テーマ性

昨日、古い設計者仲間と話をしていて、皆で何かをしようとしてもなかなか昔のようにうまく決まらない、なぜだろうとなりました。皆忙しくなって時間的に一緒にということが困難になってきてかつ個々の状況も違い切実感が異なってしまったせいだろうとなりました。

しかしそれだけではなさそうです。むしろ歳を経るごとに共有体験が少なくなりそれに比例して皆に共通する関心も少なくなってきたせいでなないかと思います。つまり皆を繋ぐ共通テーマがなくなってきているのです。

良く考えるとこれは仲間内の集まりだけに限らずあらゆるところに見受けられる状況ではないかと思います。職場や家庭内、あるいは私的団体やマスコミなど社会全体でも見受けられます。

社会的に何とかしなければならない大きなテーマはたくさんあるのですが個々人の与えうる影響力から無力感が先に発ち行動を起こさせるだけの、というより個人のほかの選択肢に優先させるようなものは見つけにくくなっています。しかも社会的体験や知識も少ないと益々テーマの魅力もわからなくなっていきていて見出しにくい度合いは大きくなっていくばかりです。

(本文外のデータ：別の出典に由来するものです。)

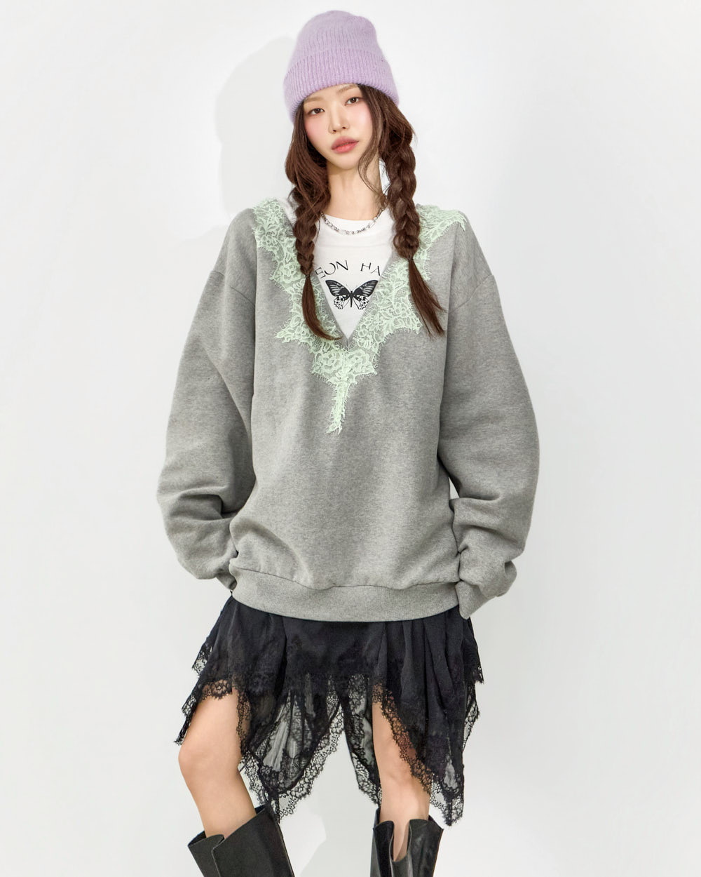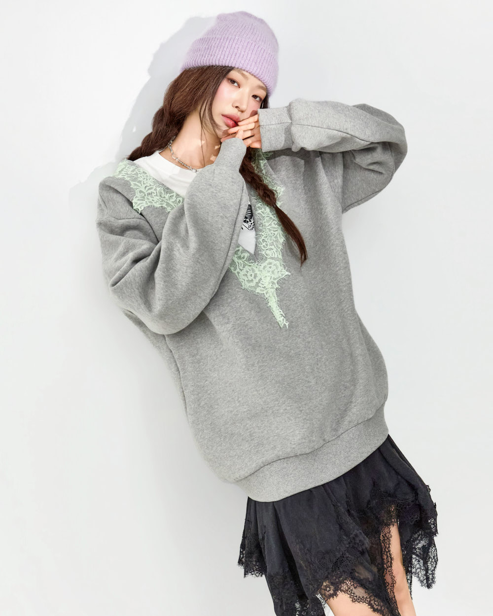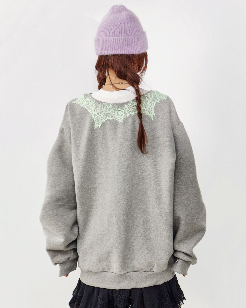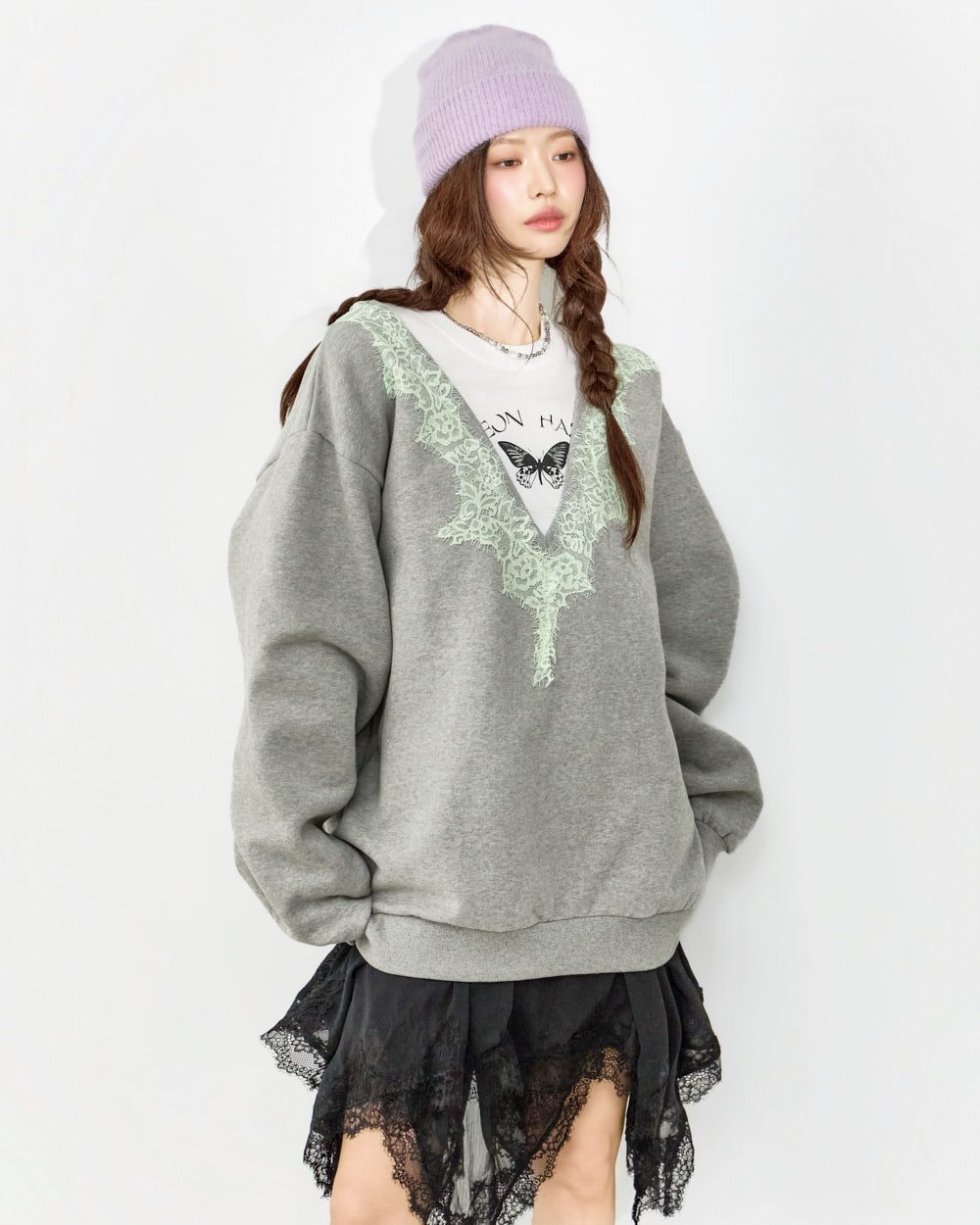 这是一款充满个性氛围的蕾丝叠穿卫衣。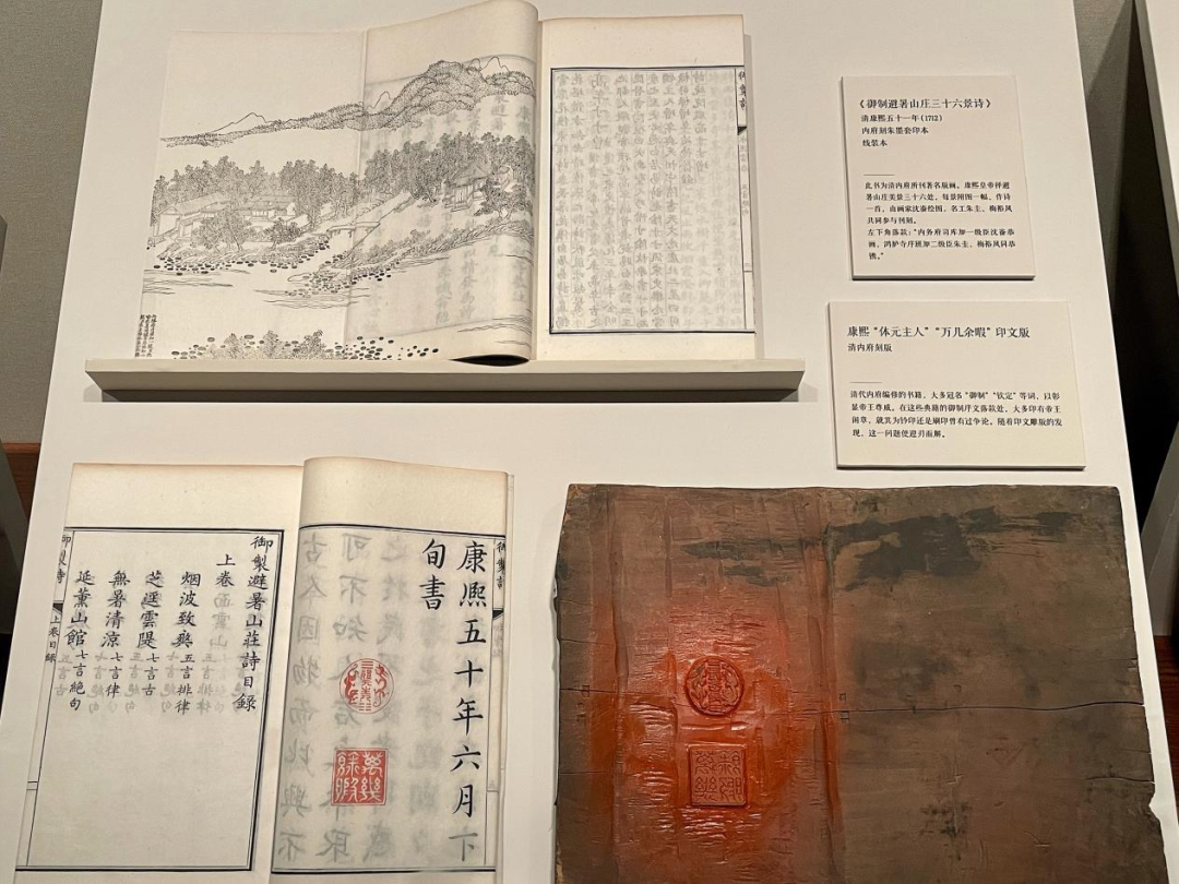 清代内府编修的典籍,御制序文落款处是钦印还是刷印?关于这一争论随着展出的康熙“体元主人”“万几余暇”刻版而水落石出。印文雕版既显示出帝王尊威,也便于书籍印刷,一举两得。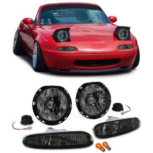 Set di fari in vetro trasparente con indicatore di fumo nero per Mazda MX5 NA 90-98
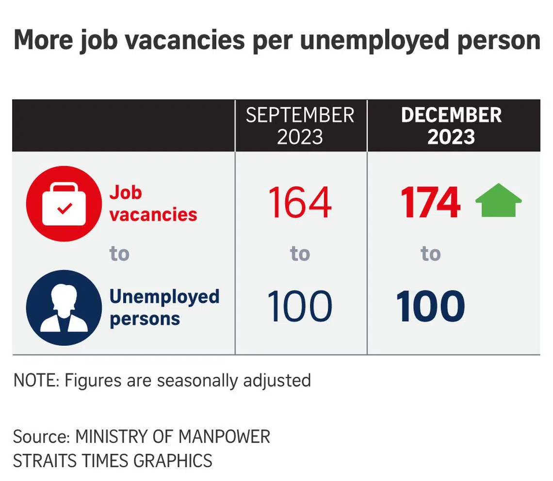 The Ministry of Manpower (MOM) noted in a labour market report for the fourth quarter of 2023, released on March 14, that the growth came as the employment rate for residents – Singaporeans and permanent residents – remains high, while the resident unemployment rate remains low at 2.8 per cent.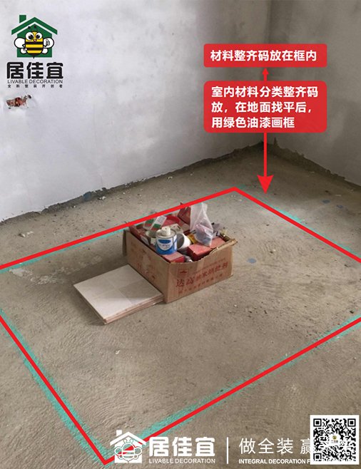 室内材料分类整齐码放,在地面找平后,用绿 色油漆画框,材料整齐码放在框内。

個人の行動を制限させてまで他人と一緒の行動に向かわせる魅力的テーマが見出しにくい時代になり人と人を繋ぐテーマが存在しにくくなくなっているのかもしれません。社会全体がどんどん私的なものに埋没していっているのかもしれません。本当に楽しいことは自分以外の他人との係わり合いの中からしか生じ得ないと皆わかっているのにそうなっていくようです。